* **MATERIAL PROVIDED**:
++++++++++

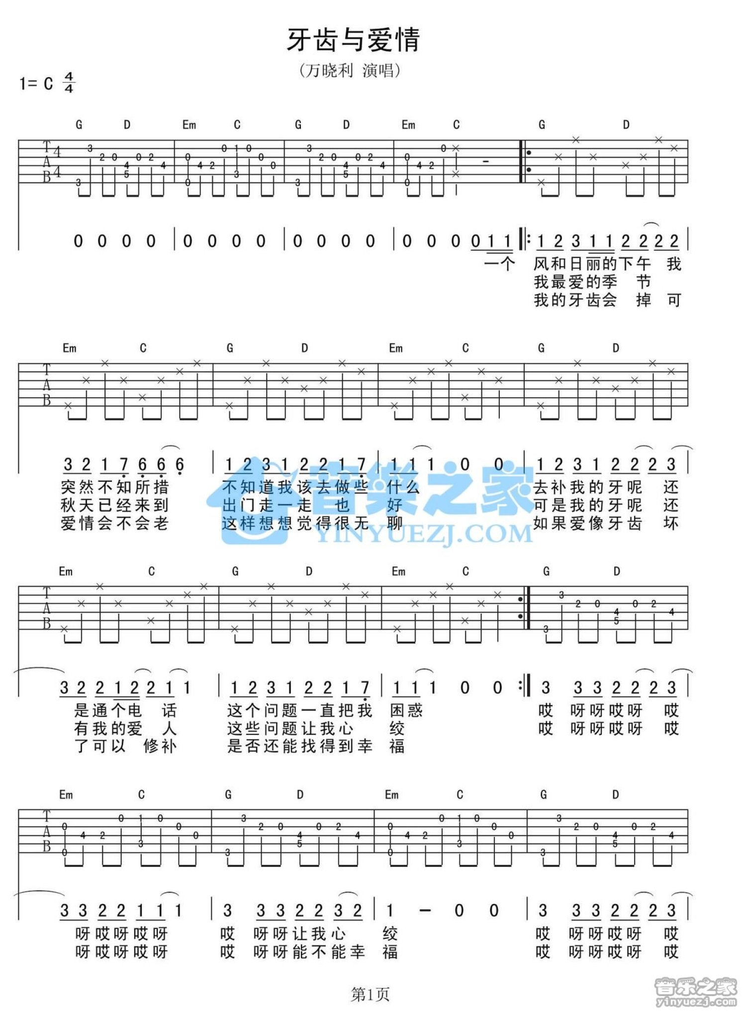牙齿与爱情吉他谱 - 万晓利 - C调吉他弹唱谱
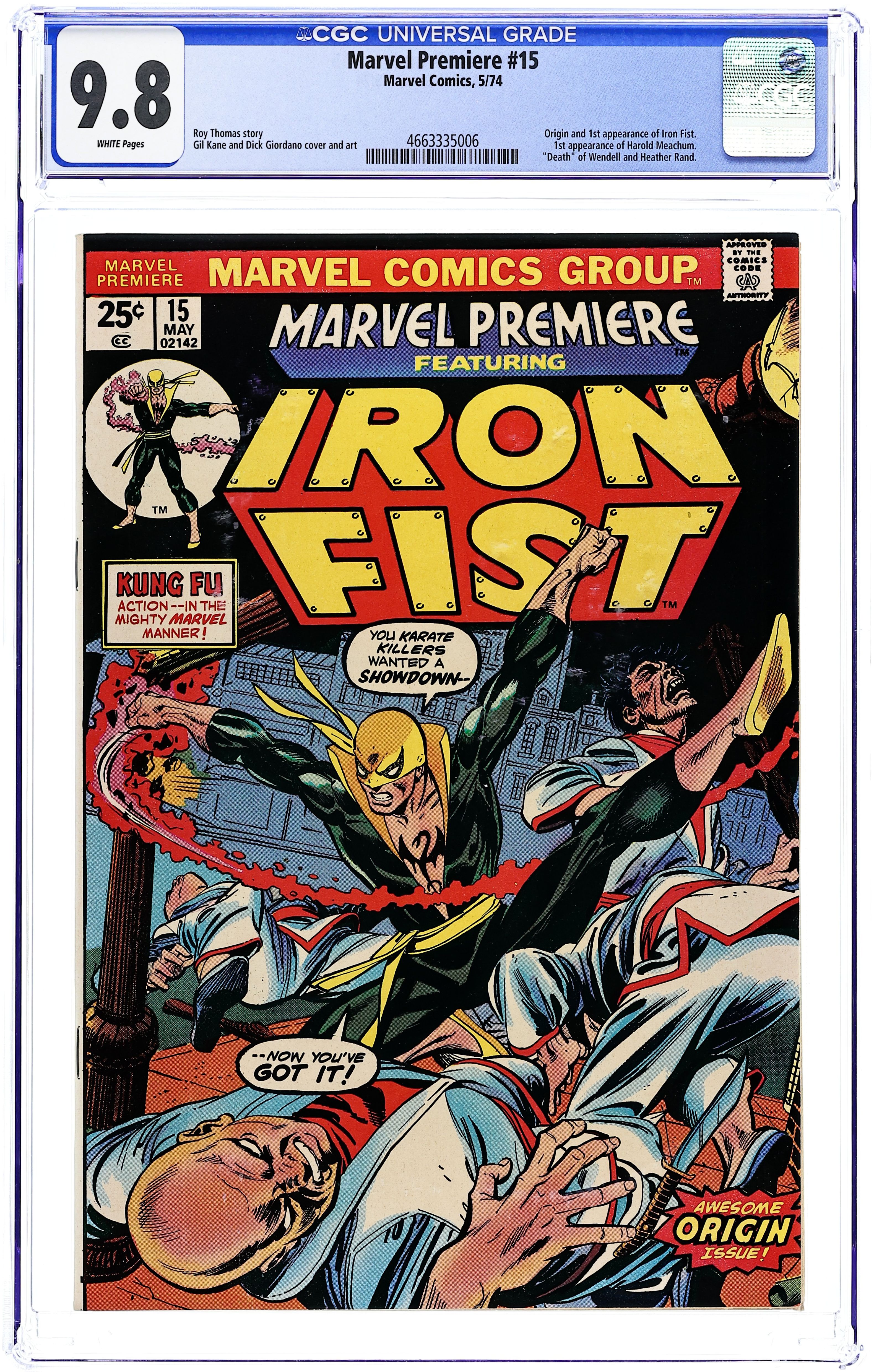 First 25-cent cover price. Origin and first appearance of Iron Fist in The Fury of Iron Fist!, script by Roy Thomas, pencils by Gil Kane, inks by Dick Giordano; Iron Fist passes the final tests in his K'un-Lun training and is granted the privilege of immortality if he so chooses; During his final battle with the robot Shu-Hu, Danny remembers how his father was killed by Meachum and his mother gave her life to save his as the Rand family searched for the fabled city of K'un-Lun. The letters page contains Marvel Value Stamp series A # 94 (Electro by Steve Ditko). Text article explaining price hike to 25 cents for Marvel's 36-page comics, followed by short editorial by Roy Thomas detailing genesis of Iron Fist. 36 pgs. $0.25. Cover price $0.25. Grade: CGC 9.8 explanation of grade Condition: Used (collectible)
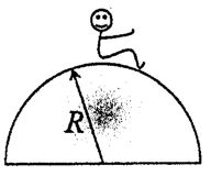 3. A boy is seated on the top of a hemispherical mound of ice (frictionless) of radius R as shown in the figure. He is given a very small push and starts sliding. What is the height of the point at which the boy leaves the ice?
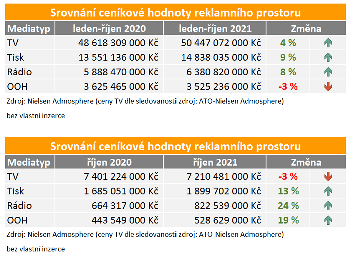 Z dat vyplývá, že za období leden až říjen 2021 se v meziročním srovnání nejlépe dařilo reklamě v tisku, v rádiích a v televizi.

++++++++++

* **WHAT YOU NEED TO DO**: Give the listing above again exactly, minus any images.

* **EXERCISE RESPONSE**:
牙齿与爱情吉他谱 - 万晓利 - C调吉他弹唱谱
 First 25-cent cover price. Origin and first appearance of Iron Fist in The Fury of Iron Fist!, script by Roy Thomas, pencils by Gil Kane, inks by Dick Giordano; Iron Fist passes the final tests in his K'un-Lun training and is granted the privilege of immortality if he so chooses; During his final battle with the robot Shu-Hu, Danny remembers how his father was killed by Meachum and his mother gave her life to save his as the Rand family searched for the fabled city of K'un-Lun. The letters page contains Marvel Value Stamp series A # 94 (Electro by Steve Ditko). Text article explaining price hike to 25 cents for Marvel's 36-page comics, followed by short editorial by Roy Thomas detailing genesis of Iron Fist. 36 pgs. $0.25. Cover price $0.25. Grade: CGC 9.8 explanation of grade Condition: Used (collectible)
 3. A boy is seated on the top of a hemispherical mound of ice (frictionless) of radius R as shown in the figure. He is given a very small push and starts sliding. What is the height of the point at which the boy leaves the ice?
 Z dat vyplývá, že za období leden až říjen 2021 se v meziročním srovnání nejlépe dařilo reklamě v tisku, v rádiích a v televizi.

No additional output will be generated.